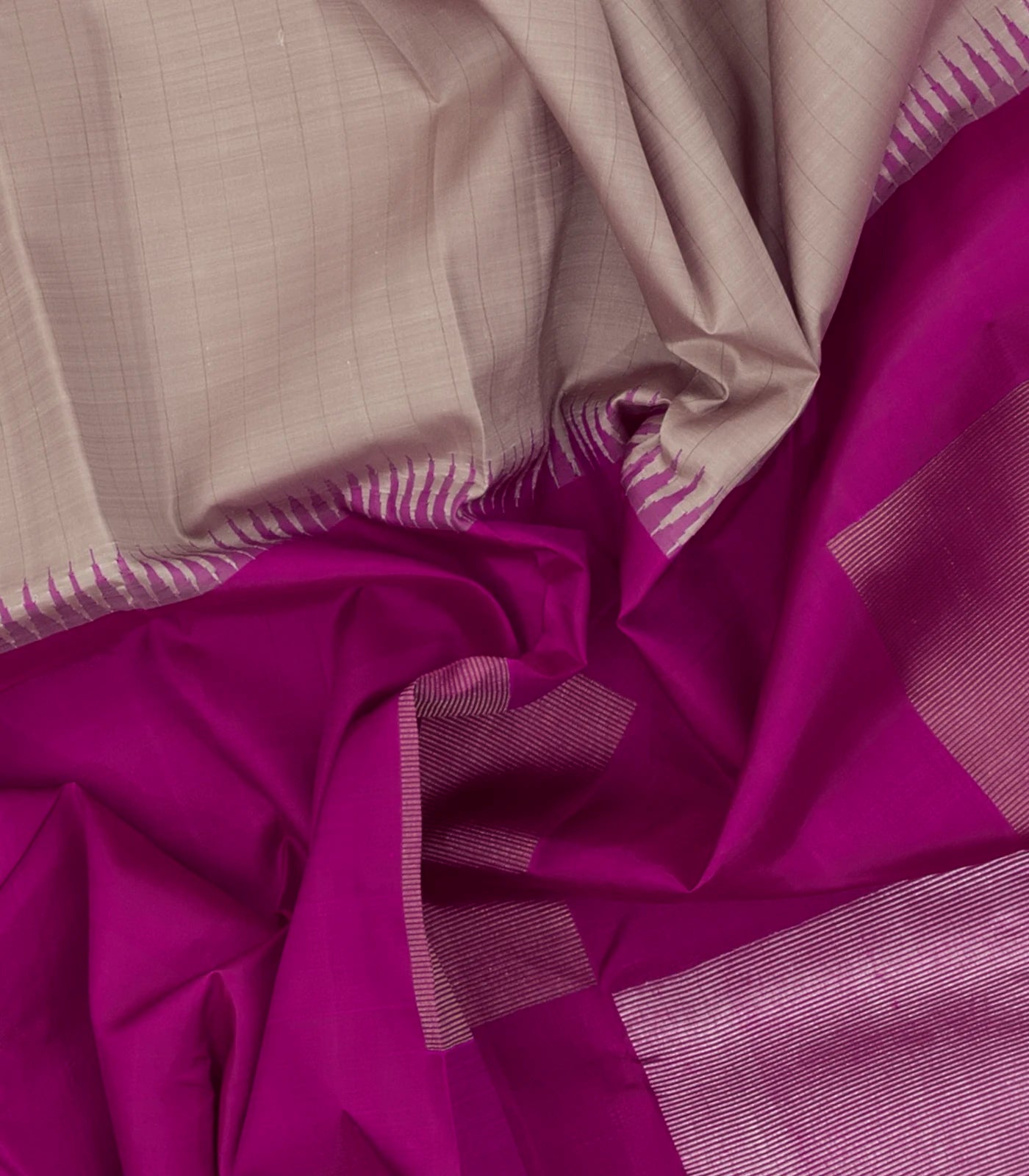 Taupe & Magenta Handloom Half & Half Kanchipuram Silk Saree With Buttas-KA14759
==
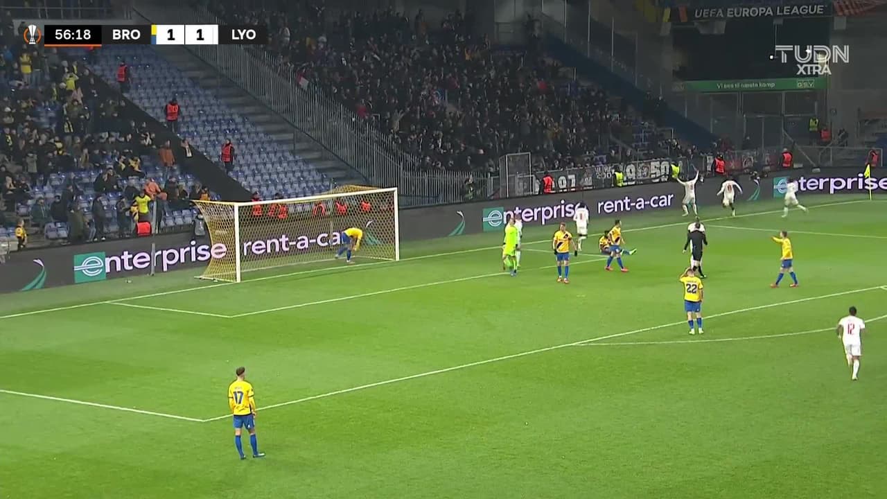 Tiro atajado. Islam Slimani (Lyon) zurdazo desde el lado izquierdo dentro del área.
---
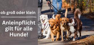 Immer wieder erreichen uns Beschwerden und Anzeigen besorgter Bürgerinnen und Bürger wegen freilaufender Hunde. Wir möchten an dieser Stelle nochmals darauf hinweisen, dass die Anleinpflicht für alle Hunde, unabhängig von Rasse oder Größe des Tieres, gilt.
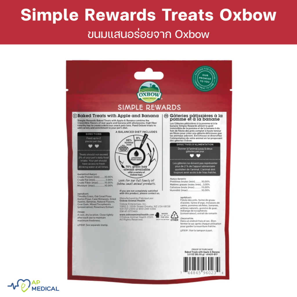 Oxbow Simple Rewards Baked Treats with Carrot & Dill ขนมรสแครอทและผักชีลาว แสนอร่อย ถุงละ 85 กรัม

● **Exercise details**
Leaving every picture aside, reproduce exactly the lines above from the one with "Immer wieder erreichen" up to and including the one with "Oxbow Simple Rewards", and no others.

● **Response box**
 Immer wieder erreichen uns Beschwerden und Anzeigen besorgter Bürgerinnen und Bürger wegen freilaufender Hunde. Wir möchten an dieser Stelle nochmals darauf hinweisen, dass die Anleinpflicht für alle Hunde, unabhängig von Rasse oder Größe des Tieres, gilt.
 Oxbow Simple Rewards Baked Treats with Carrot & Dill ขนมรสแครอทและผักชีลาว แสนอร่อย ถุงละ 85 กรัม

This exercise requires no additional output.